Но пока собака колебалась, всё яростнее размахивая хвостом и маленькими шажками подвигаясь вперёд, настроение пьяного человека изменилось. Он вспомнил все обиды, нанесённые ему добрыми людьми, почувствовал скуку и тупую злобу и, когда Жучка легла перед ним на спину, с размаху ткнул её в бок носком тяжёлого сапога.

— У-у-у, мразь! Тоже лезет!

Собака завизжала, больше от неожиданности и обиды, чем от боли, а мужик, шатаясь, побрёл домой.

С тех пор собака не доверяла людям, а иногда со злобой набрасывалась на них и пыталась укусить, пока камнями и палкой не удавалось отогнать её.

На одну зиму она поселилась под террасой пустой дачи, у которой не было сторожа, и бескорыстно сторожила её: выбегала по ночам на дорогу и лаяла до хрипоты. Уже улёгшись на своё место, она всё ещё злобно ворчала, но сквозь злобу проглядывало некоторое довольство собой и даже гордость.

Зимняя ночь тянулась долго-долго, и чёрные окна пустой дачи угрюмо глядели на обледеневший неподвижный сад. Иногда в них как будто вспыхивал голубоватый огонёк: то отражалась на стекле упавшая звезда или остророгий месяц посылал свой робкий луч.

II

Наступила весна, и тихая дача огласилась громким говором, скрипом колёс и грузным топотом людей, переносящих тяжести. Приехали из города дачники, целая весёлая ватага взрослых, подростков и детей, опьянённых воздухом, теплом и светом; кто-то кричал, кто-то пел, смеялся высоким женским голосом.

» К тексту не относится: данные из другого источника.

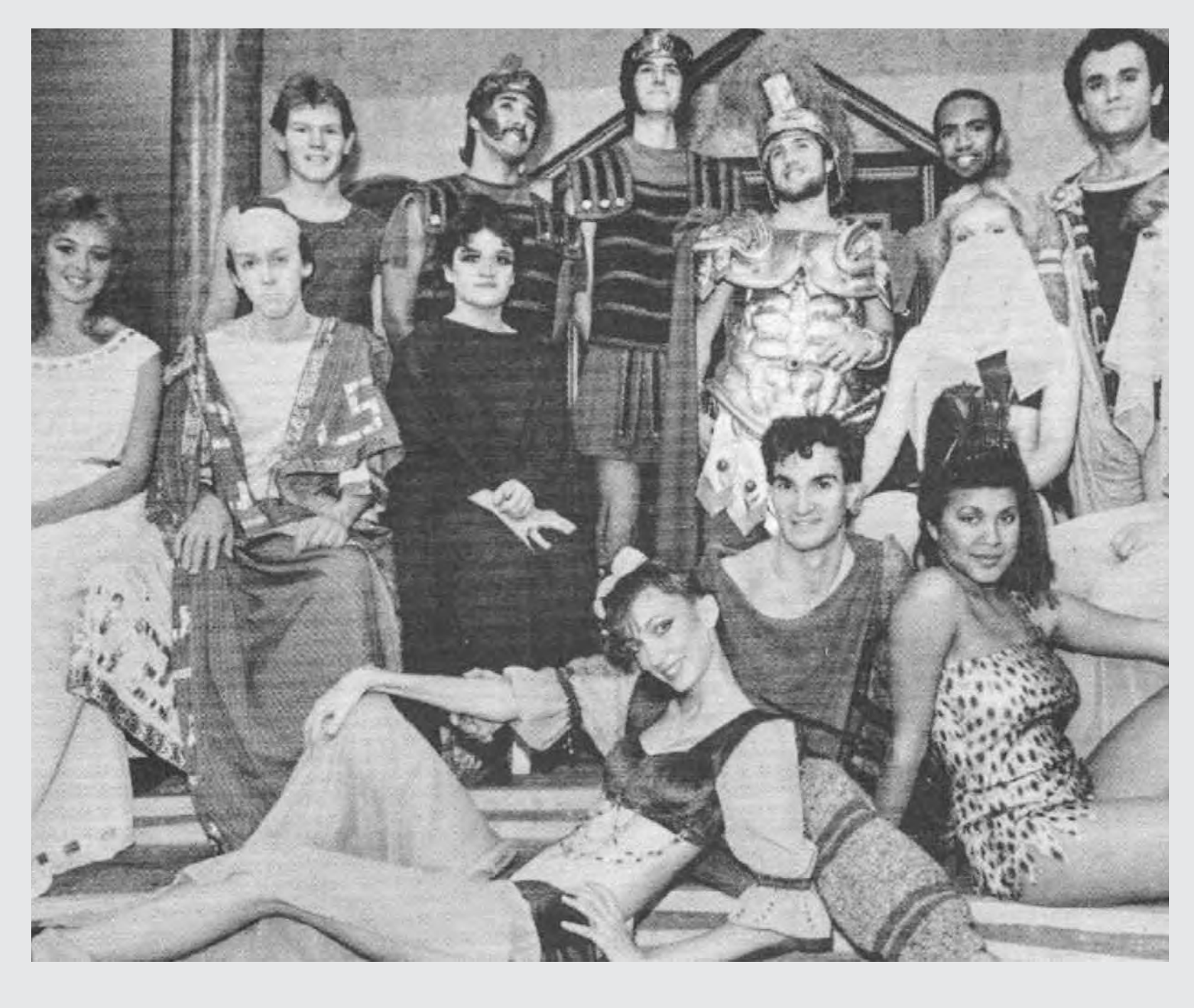
Theatre Sheridan's 1984 performance of A Funny Thing Happened on the Way to the Forum

With high unemployment and a sputtering economy, many Ontarians were forced to seek new career directions through Sheridan's Continuing Education department. 35,000 Halton and Peel residents enrolled in 2,000 Continuing Education courses. These students had an average age of 35 to 45. The next year, the number of parttime students rose by 20 per cent – Sheridan's largest increase ever.

Первой, с кем познакомилась собака, была хорошенькая девушка в коричневом форменном платье, выбежавшая в сад. Жадно и нетерпеливо, желая охватить и сжать в своих объятиях всё видимое, она посмотрела на ясное небо, на красноватые сучья вишен и быстро легла на траву, лицом к горячему солнцу. Потом так же внезапно вскочила и, обняв себя руками, целуя свежими устами весенний воздух, выразительно и серьёзно сказала:

— Вот весело-то!

Сказала и быстро закружилась. И в ту же минуту беззвучно подкравшаяся собака яростно вцепилась зубами в раздувавшийся подол платья, рванула и так же беззвучно скрылась в густых кустах крыжовника и смородины.

— Ай, злая собака! — убегая, крикнула девушка, и долго ещё слышался её взволнованный голос: — Мама, дети! Не ходите в сад: там собака! Огромная!.. Злю-у-щая!..

Ночью собака подкралась к заснувшей даче и бесшумно улеглась на своё место под террасой. Пахло людьми, и в открытые окна приносились тихие звуки короткого дыхания. Люди спали, были беспомощны и не страшны, и собака ревниво сторожила их: спала одним глазом и при каждом шорохе вытягивала голову с двумя неподвижными огоньками фосфорически светящихся глаз. А тревожных звуков было много в чуткой весенней ночи: в траве шуршало что-то невидимое, маленькое и подбиралось к самому лоснящемуся носу собаки; хрустела прошлогодняя ветка под заснувшей птицей, и на близком шоссе грохотала телега и скрипели нагруженные возы. И далеко окрест в неподвижном воздухе расстилался запах душистого свежего дёгтя и манил в светлеющую даль.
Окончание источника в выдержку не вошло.